Summary:
For myriad institutional and political reasons, the U.S. faces tremendous tax-policy uncertainty in both the near and long term. While good tax policy is always preferred to bad, economic literature increasingly finds that policy uncertainty itself has negative implications for the economy, reducing investment, consumption, employment and growth, and possibly prolonging a weak recovery.
A new Mercatus study suggests an additional, largely unexamined cost of the United States’ tax-policy uncertainty: “unproductive” or “destructive” entrepreneurship—the diversion of resources away from economically productive activities to the unproductive activity of lobbying for preferential tax-policy treatment.
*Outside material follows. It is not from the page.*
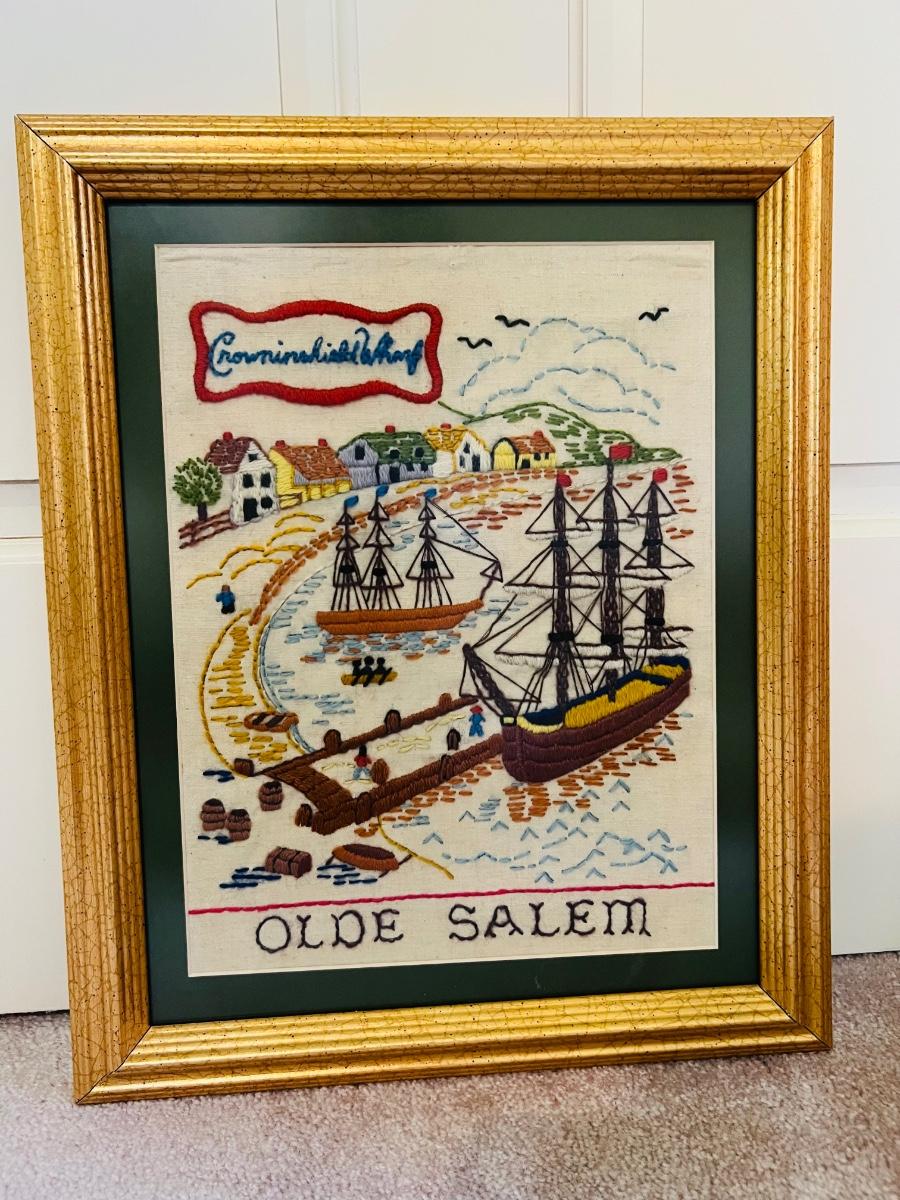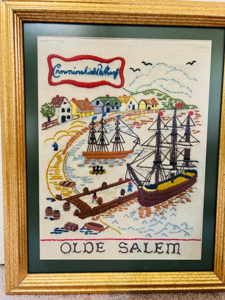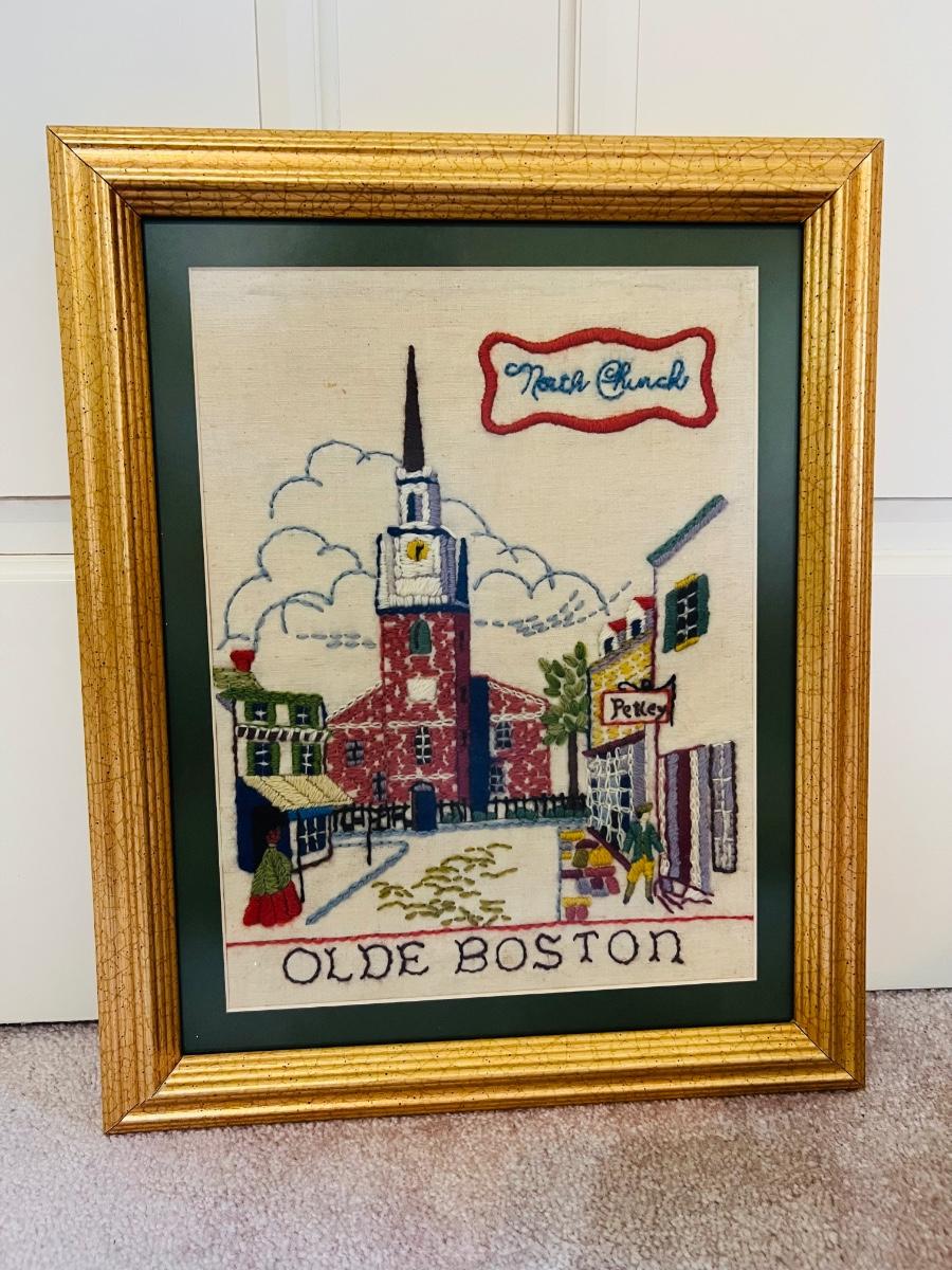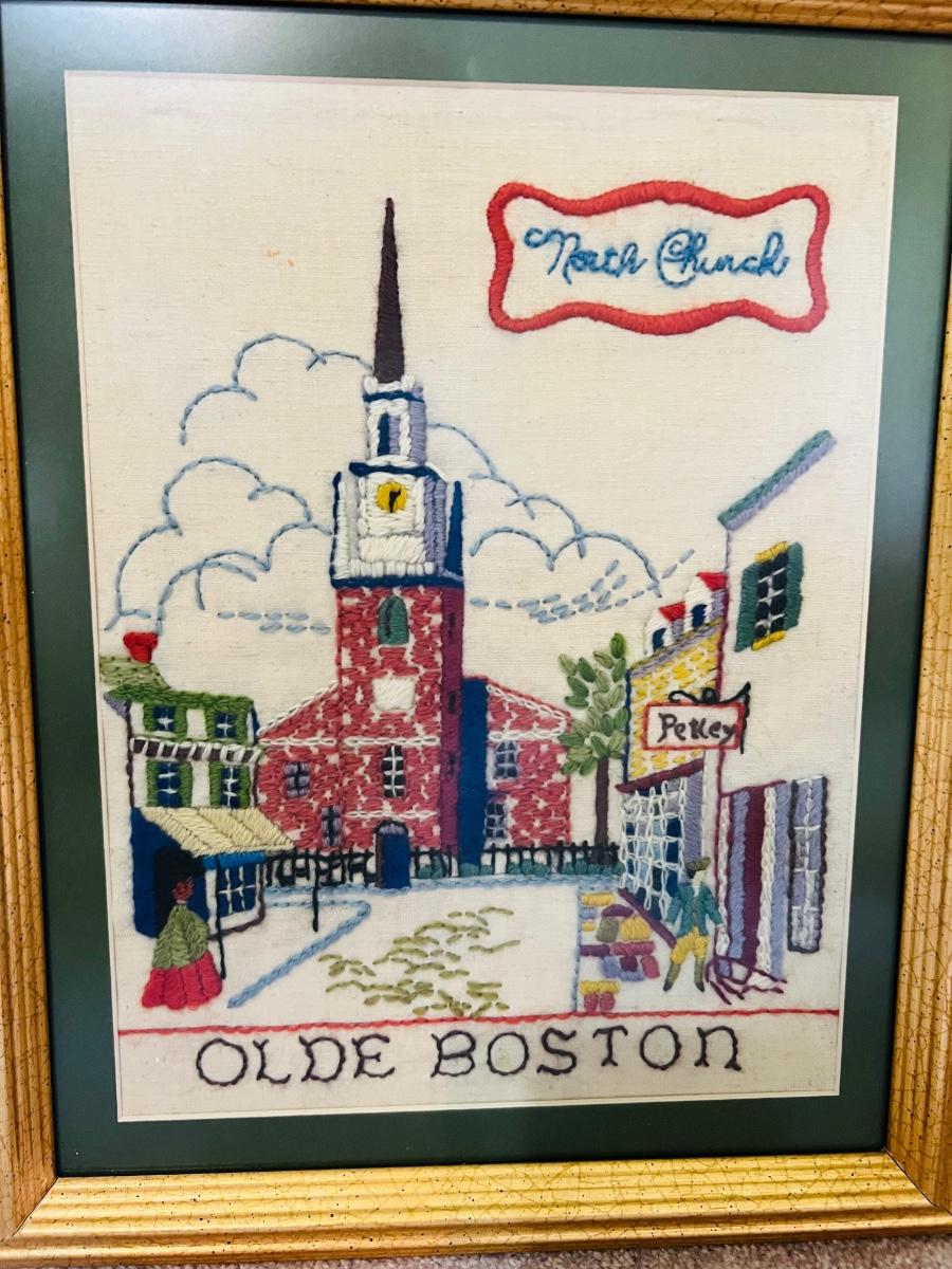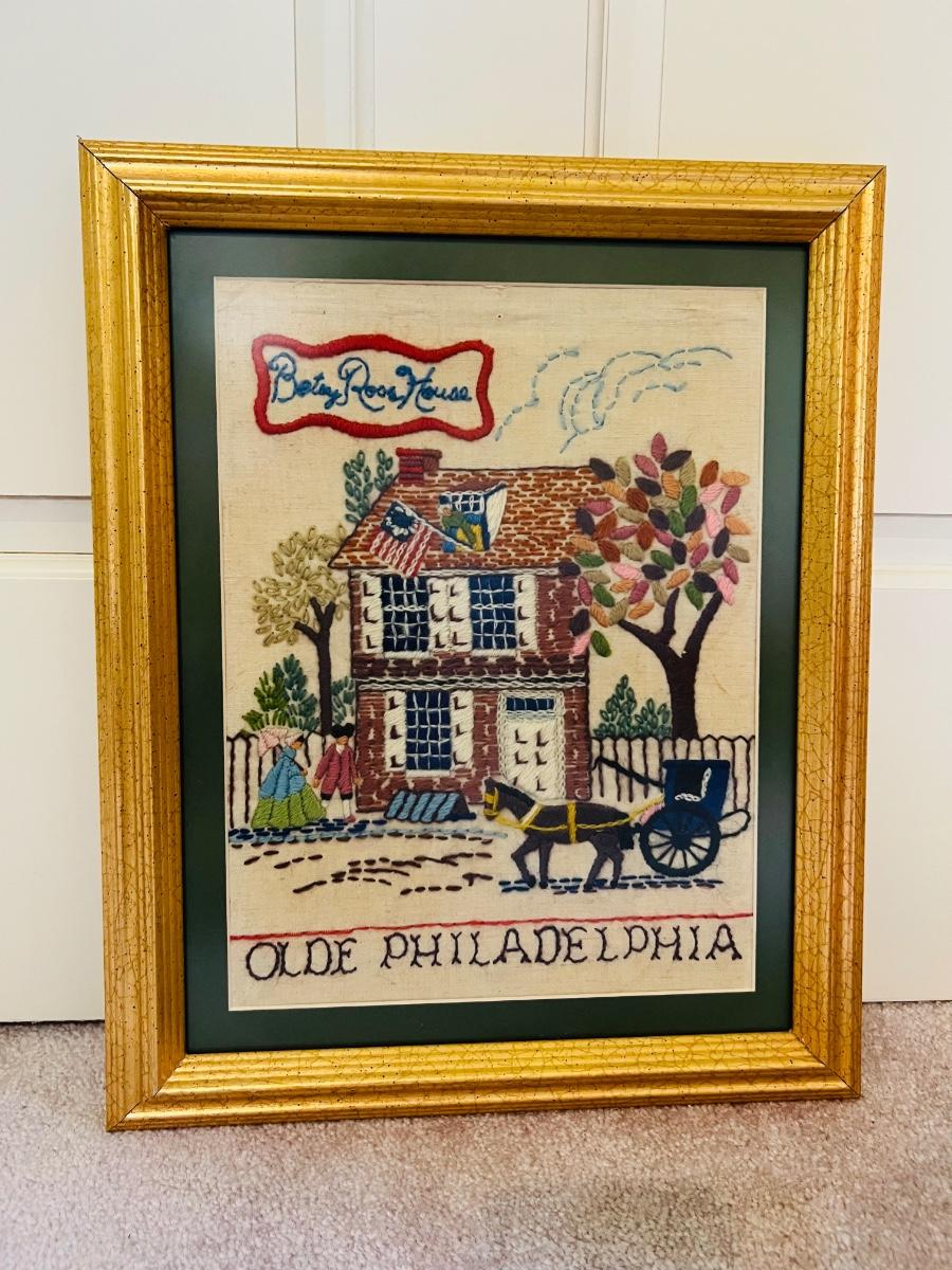 Needle Work Set of 4. These are professionally framed lot includes Olde Salem Crewel Embroidery, North Olde Boston , Old Philadelphia Betsy, Ruth’s house and old Williamsburg Raley Tavern

The Economic Costs of Tax Policy Uncertainty reviews existing academic research on the causes and economic effects of tax-policy uncertainty, examines the relationship between tax-policy uncertainty and increased rent-seeking (such as lobbying and political action committee spending) and considers what these findings imply for fundamental tax reform.
To read the study in its entirety and learn more about its authors, please click here [3].
Key Points:
Economic Implications of Temporary Tax Policy
Tax-policy uncertainty has been shown to negatively impact a variety of factors relating to economic growth, including investment, consumption, and employment.
The study’s findings suggest tax-policy uncertainty also leads to an increase in rent-seeking.
Causes of Tax-Policy Uncertainty
The Budget Process. In recent decades, Congress has passed a series of budget control acts intended to impose discipline on the budget process. These acts have had the unintended consequence of encouraging policy phase-ins, phase-outs, and expiration dates. This gaming of budget rules results in official estimates of budgetary impact that are unrealistically favorable, in addition to an unstable and uncertain policy environment. Over the short term, this uncertainty is reflected by the “fiscal cliff.” Over the long term, uncertainty stems from a tax system that is expected to bring in far less revenue than Congress has committed to spend.
No Lobby for Economic Efficiency. A key challenge to establishing and maintaining a predictable tax code (one with few special-interest loopholes) stems partly from the fact that economic efficiency does not have a well-organized or focused interest group to represent it. This is because while economic efficiency produces great benefits, these benefits are widely dispersed, making organized lobbying more difficult.
Lessons from History: TRA 86
The federal government’s most recent fundamental tax reform effort—the Tax Reform Act of 1986—closed loopholes, broadened the tax base, and lowered rates. Studies have shown that it greatly reduced economic inefficiencies, and some argue it laid the foundation for the United States’ strong economy during the remainder of the 1980s and in the 1990s.
“Even the simplification potential of radical tax reform depends on how enduring a simple, broad-based tax can be, in the face of constant political pressure to reintroduce special ‘ encouragements’ or to redistribute the tax burden.”
Enduring Fundamental Tax Reform
Create a code that is simple, equitable, efficient—and predictable—requires diminishing the opportunities for rent-seeking.